In ogni caso, continueremo a prestare molta attenzione ad evitare che una caratteristica della persona vada a sovrapporsi con la sua identità, evitando di trasformare alcuni aggettivi in sostantivi (i disabili, gli autistici, gli psichiatrici, i down) anche a costo di effettuare ripetizioni nel testo.
Per questa stessa ragione, la scelta di non utilizzare più l’espressione “grave” e tutti i suoi derivati, non vuole e comunque non potrebbe, nascondere l’importanza e la pervasività nella vita delle persone di alcune menomazioni e compromissioni: al contrario, proprio in queste situazioni si deve mettere in risalto la necessità (e quindi il diritto) di poter avere a disposizione tutti i sostegni necessari per poter vivere bene, effettuare le proprie scelte e partecipare alla vita sociale.
La disabilità è un concetto in evoluzione
Abbiamo visto come anche la stessa “Convenzione Onu” ritiene che la riflessione sulla disabilità non sia da considerare conclusa; al contrario, si tratta di un concetto in evoluzione e questo cambiamento potrà riguardare ancora la sua rappresentazione.

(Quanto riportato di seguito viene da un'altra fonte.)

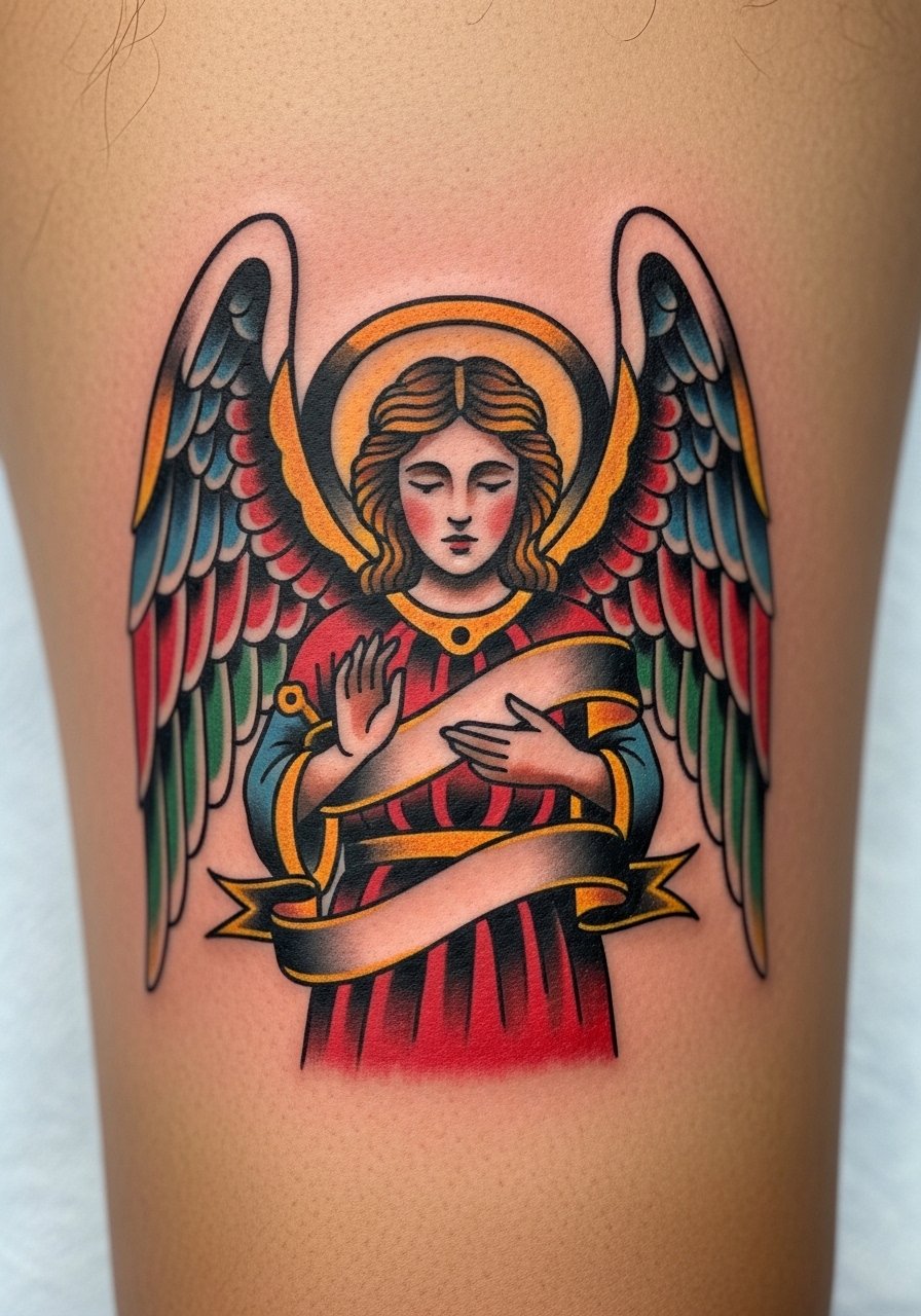 6. Old school angel with banner on the chest

Non si tratta di chiacchiere: le rappresentazioni sociali della disabilità influenzano, in alcuni casi determinano[4] gli indirizzi politici e amministrativi degli interventi indirizzati verso le persone con disabilità, in positivo o in negativo, a seconda di come li si valuta.

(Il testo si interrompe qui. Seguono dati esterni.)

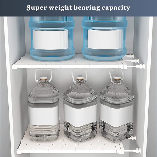 • Pakuotę sudaro: Komplekte: 1x išplečiama spintos įtempimo lentyna, skirta drabužinei, virtuvei, vonios kambariui.
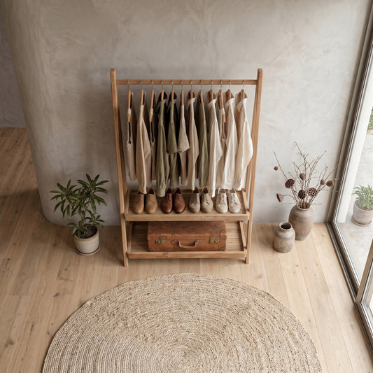Κρεμάστρα Ρούχων Ανοιχτή Ντουλάπα Σταντ Ρούχων Ράφι Κρεβατοκάμαρας Μασίφ Ξύλο OG-AH352
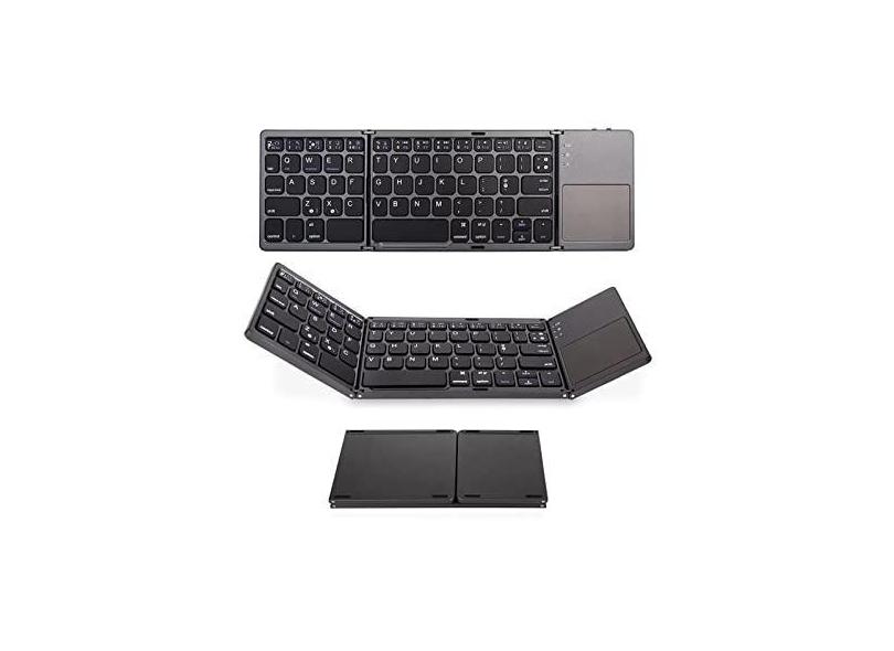 O menor preço encontrado no Brasil para Teclado sem fio BT Teclado dobrável Teclado portátil ultra fino BT com touchpad para Windows/Android/iOS cinza atualmente é R$ 525,92.

Per questo riteniamo che utilizzare le nostre energie anche per discutere di come scrivere e parlare di disabilità non sia tempo perso ma guadagnato, speriamo in favore di una migliore qualità della vita delle persone con disabilità.

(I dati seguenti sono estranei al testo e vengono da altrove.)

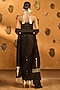 Masaba presents a mesmerizing black corset in crepe silk base with gold motif embroidery, adjustable dori and tassel detailing. It is paired with a draped skirt and a sash having gold embroidery and foil print. Elevate the look with statement jhumkas, embellished heels, a clutch and a sleek bun for opulent sangeet ceremonies or cocktail soirees.

[1] Per approfondimenti, si segnalano i seguenti due contributi pubblicati su LombardiaSociale.it:
Merlo G., Disabilità: verso un progetto (di vita) per tutti, 21 giugno 2024
Franchini R., Il Progetto di Vita: verso la sperimentazione, 19 giugno 2024
[2] Art. 4 D.Lgs 62/24: terminologia in materia di disabilità
A decorrere dalla data di entrata in vigore del presente decreto:
a) la parola: «handicap», ovunque ricorre, e’ sostituita dalle seguenti: «condizione di disabilita’»;
b) le parole: «persona handicappata», «portatore di handicap», «persona affetta da disabilita’», «disabile» e «diversamente abile», ovunque ricorrono, sono sostituite dalle seguenti: «persona con disabilita’»;
c) le parole: «con connotazione di gravita’» e «in situazione di gravita’», ove ricorrono e sono riferite alle persone indicate alla lettera b) sono sostituite dalle seguenti: «con necessita’ di sostegno elevato o molto elevato»;
d) le parole: «disabile grave», ove ricorrono, sono sostituite dalle seguenti: «persona con necessita’ di sostegno intensivo».
[3] Nella versione originale, in inglese, della Convenzione: “Persons with disabilities include those who have long-term physical, mental, intellectual or sensory impairments which in interaction with various barriers may hinder their full and effective participation in society on an equal basis with others”.
[4] Come dimostra il tragico episodio della storia, conosciuto come Operazione T4. Lo sterminio delle persone con disabilità, perpetrato dal regime nazista fu preceduto, giustificato e accompagnato da una intensa campagna di comunicazione che coinvolse anche gli apparati sanitari e sociali dell’epoca.